Pain Control - Top Tips To Stay Active

By: raymondlee12
Whatever the cause, the best method of gaining control over your pain is resolving to stay as active as possible. Even people who are not in great condition can safely engage in most types of activity despite having pain. Light activities usually considered safe include walking, sitting, driving, cooking, shopping, bathing, and doing most household chores. In addition, work that does not require major exertion or heavy lifting is also fine to do. Any of these activities can make you feel productive and help you maintain a basic level of fitness.

With chronic or recurrent pain, it is helpful to recognize what will help you accomplish your long-term goals. Staying in bed and limiting your activities may help you feel better in the short run, but doing so will lead to more pain and limitations in the future. It is true that staying active may cause some pain at times, but in the long run, activity is likely to help keep pain under control, and it is essential for maintaining a positive sense of self-worth and a positive outlook on life.

Use gentle stretching even when pain is severe.

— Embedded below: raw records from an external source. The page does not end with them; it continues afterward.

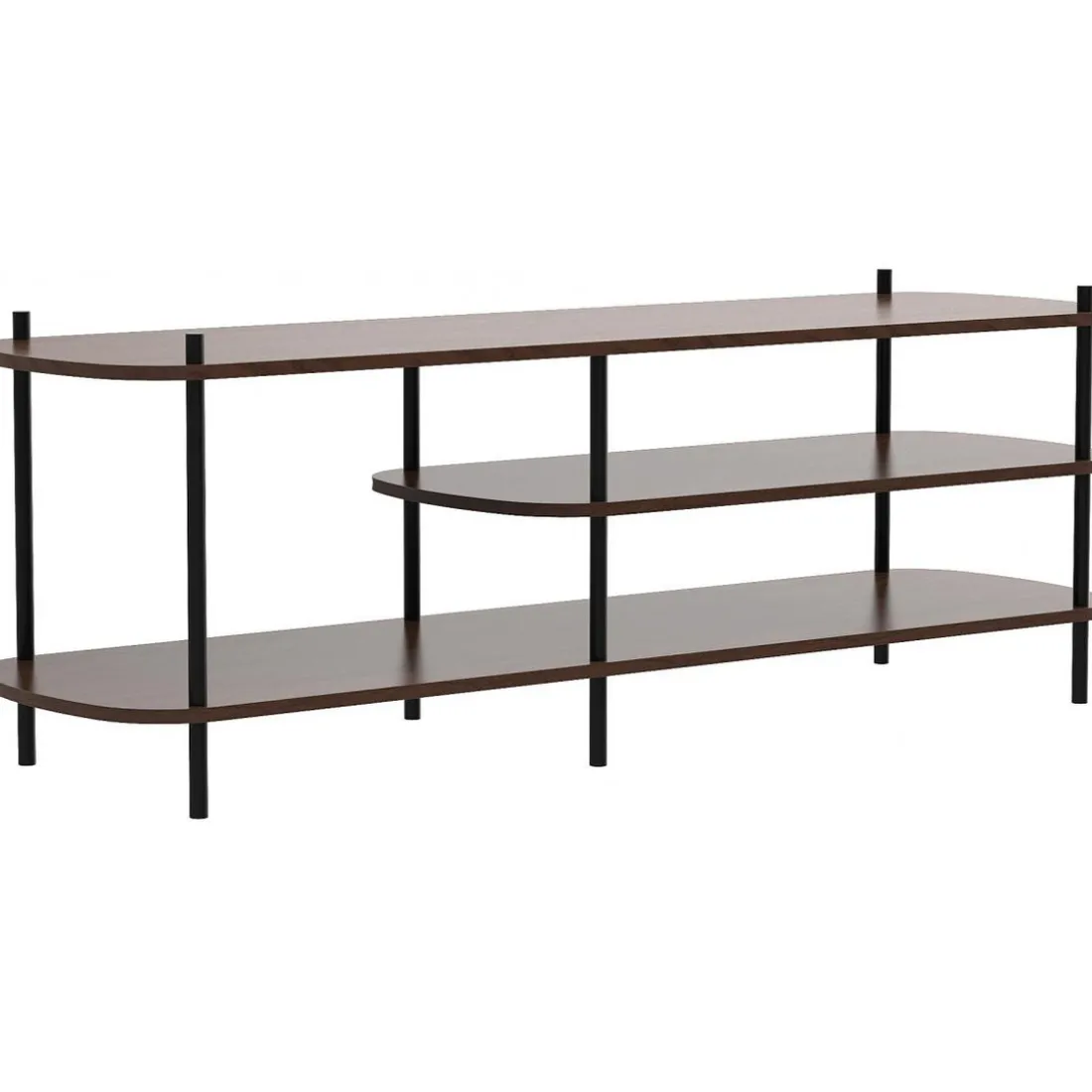 Caractéristiques Meuble TV 3 niveaux en métal noir et en bois
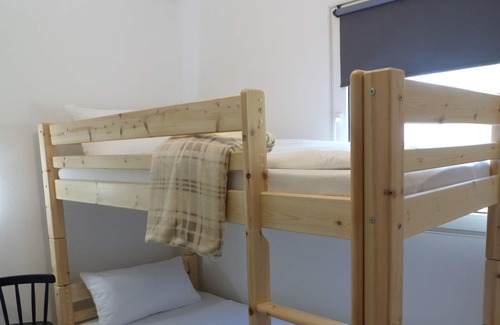 Two bedrooms (16 sqm each) each have two bunk beds as well as a single bed, wardrobe, wardrobe, seating and sink.
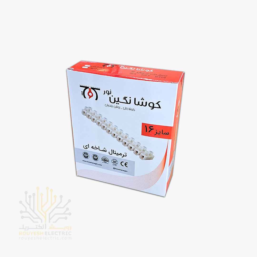 ترمینال نمره 16 پلاستیکی برند کوشا نگین، یک اتصالدهنده الکتریکی است که برای مدیریت و اتصال ایمن سیمهای برق با حداکثر سطح مقطع 16 میلیمتر مربع طراحی شده است. این محصول، دارای بدنهای از جنس پلاستیک عایق و مقاوم در برابر حرارت است و عدد “16” به حداکثر ظرفیت آن برای پذیرش سیم با این مقطع اشاره دارد.

This is a helpful way to reduce muscle tension and spasm, and if done correctly, it is entirely safe. You may find that during a severe flare-up, using medication and either heat or ice makes it easier to stretch and get moving again.

Begin resuming your normal activities within 1 to 3 days as your worst pain recedes. Do as much as you can for yourself. Try to keep up with as many household chores, family outings, and other routine activities as possible. Most people return to work or normal activity within a day or two. Making arrangements for light-duty assignments, if possible, can be helpful. Start with whatever you can do and gradually increase activities until you are back to your normal routine.

Gradually increase your activities over a few days or up to a week. If an activity causes increased pain for the rest of the day, do less of the activity or find a substitute. Do not stay in bed or frozen in one position. Movement, even if uncomfortable, can help you get though a flare-up quickly. You can start by walking within your home. Try walking fro a few minutes every hour. You can progress by taking walks outside on level ground. Walking often for a few minutes each time will likely be easier than walking only occasionally for a long time. You can slowly extend the number of minutes you walk each time, but at a rate that will get you back to normal levels of activity within a week. The key to being able to increase activities is to be consistent in what you do every day. You will then find it easy to add 5% or 10% more to what you are already doing.

Pace yourself and use common sense. Give yourself permission to take it easy for a few days until the worst pin recedes. Pushing through severe pain might trigger a second relapse. On the other hand, doing too little may lead to a longer bout of pain. Pacing yourself means finding out how much of an activity you can tolerate, and then performing that much on a consistent basis. It means stopping when you are approaching your tolerance level, not after you have exceeded it. When you stop an activity because you have reached your tolerance, you can simply rest if you desire, or you can engage in an alternate activity that uses different muscles. For example, if your tolerance for walking is 20 minutes, you should stop walking when you approach this time limit. You can then either rest or do something that requires use of the arms or something you can do while seated. In this way you will be able to return to walking sooner than if you initially had walked until you were completely fatigued and in pain.